- Exercise details
Required from the data below: the exact lines starting at the line containing "Enrico Campagnola, Swiss" and ending at the line containing "气质大方时尚潮流气质优雅高腰圆点潮流HR-WM20679", with both ends kept and all pictures dropped.

- Data to process
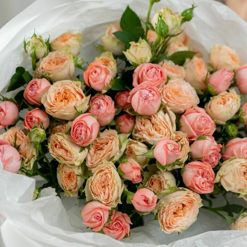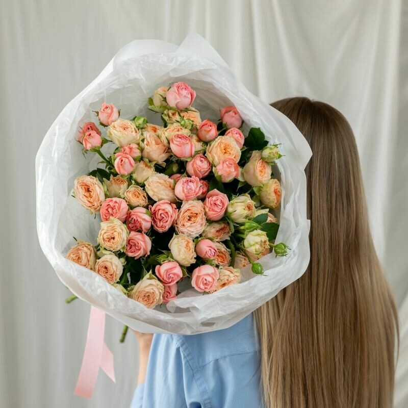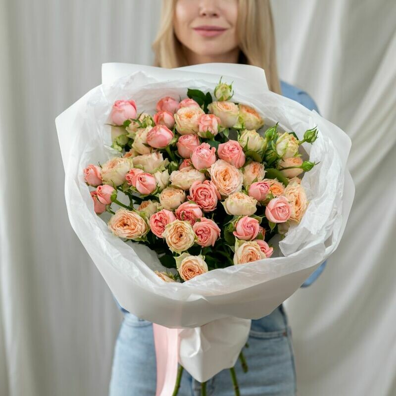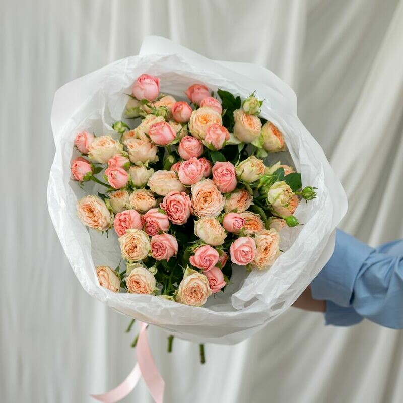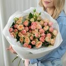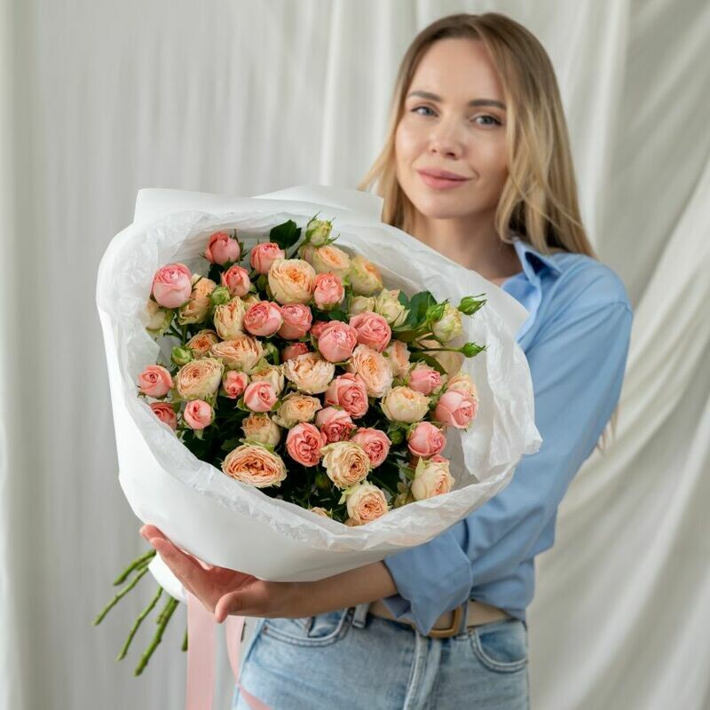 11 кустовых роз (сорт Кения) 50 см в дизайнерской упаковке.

* * *

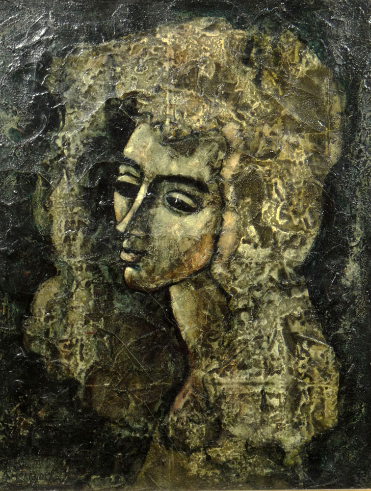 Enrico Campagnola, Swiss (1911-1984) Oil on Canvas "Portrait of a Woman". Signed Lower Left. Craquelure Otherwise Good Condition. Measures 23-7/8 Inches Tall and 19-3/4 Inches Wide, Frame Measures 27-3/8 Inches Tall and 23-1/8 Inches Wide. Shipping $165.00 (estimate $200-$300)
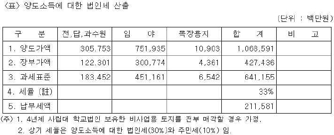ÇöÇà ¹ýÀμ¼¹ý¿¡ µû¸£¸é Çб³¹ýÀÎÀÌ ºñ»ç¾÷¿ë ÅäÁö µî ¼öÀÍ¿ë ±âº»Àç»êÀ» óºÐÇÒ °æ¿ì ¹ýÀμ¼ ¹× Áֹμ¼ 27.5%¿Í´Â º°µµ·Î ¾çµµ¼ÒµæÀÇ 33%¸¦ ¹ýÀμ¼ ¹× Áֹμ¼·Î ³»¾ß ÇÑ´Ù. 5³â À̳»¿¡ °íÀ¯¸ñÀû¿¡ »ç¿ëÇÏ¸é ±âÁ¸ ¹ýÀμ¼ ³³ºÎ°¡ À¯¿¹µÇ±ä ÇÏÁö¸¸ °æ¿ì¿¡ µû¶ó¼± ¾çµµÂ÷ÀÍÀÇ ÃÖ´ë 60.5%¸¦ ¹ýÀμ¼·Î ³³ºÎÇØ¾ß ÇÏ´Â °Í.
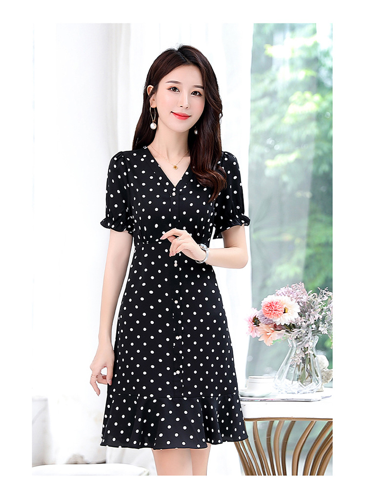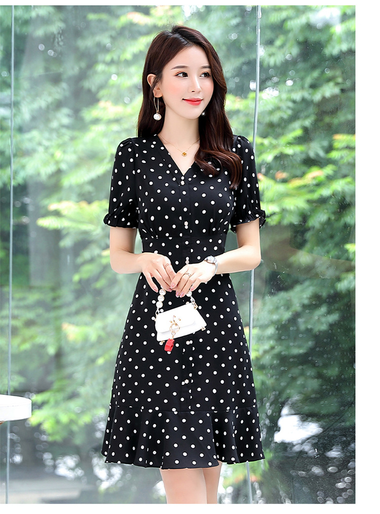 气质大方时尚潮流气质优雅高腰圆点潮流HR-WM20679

- Response for this exercise
 Enrico Campagnola, Swiss (1911-1984) Oil on Canvas "Portrait of a Woman". Signed Lower Left. Craquelure Otherwise Good Condition. Measures 23-7/8 Inches Tall and 19-3/4 Inches Wide, Frame Measures 27-3/8 Inches Tall and 23-1/8 Inches Wide. Shipping $165.00 (estimate $200-$300)
ÇöÇà ¹ýÀμ¼¹ý¿¡ µû¸£¸é Çб³¹ýÀÎÀÌ ºñ»ç¾÷¿ë ÅäÁö µî ¼öÀÍ¿ë ±âº»Àç»êÀ» óºÐÇÒ °æ¿ì ¹ýÀμ¼ ¹× Áֹμ¼ 27.5%¿Í´Â º°µµ·Î ¾çµµ¼ÒµæÀÇ 33%¸¦ ¹ýÀμ¼ ¹× Áֹμ¼·Î ³»¾ß ÇÑ´Ù. 5³â À̳»¿¡ °íÀ¯¸ñÀû¿¡ »ç¿ëÇÏ¸é ±âÁ¸ ¹ýÀμ¼ ³³ºÎ°¡ À¯¿¹µÇ±ä ÇÏÁö¸¸ °æ¿ì¿¡ µû¶ó¼± ¾çµµÂ÷ÀÍÀÇ ÃÖ´ë 60.5%¸¦ ¹ýÀμ¼·Î ³³ºÎÇØ¾ß ÇÏ´Â °Í.
 气质大方时尚潮流气质优雅高腰圆点潮流HR-WM20679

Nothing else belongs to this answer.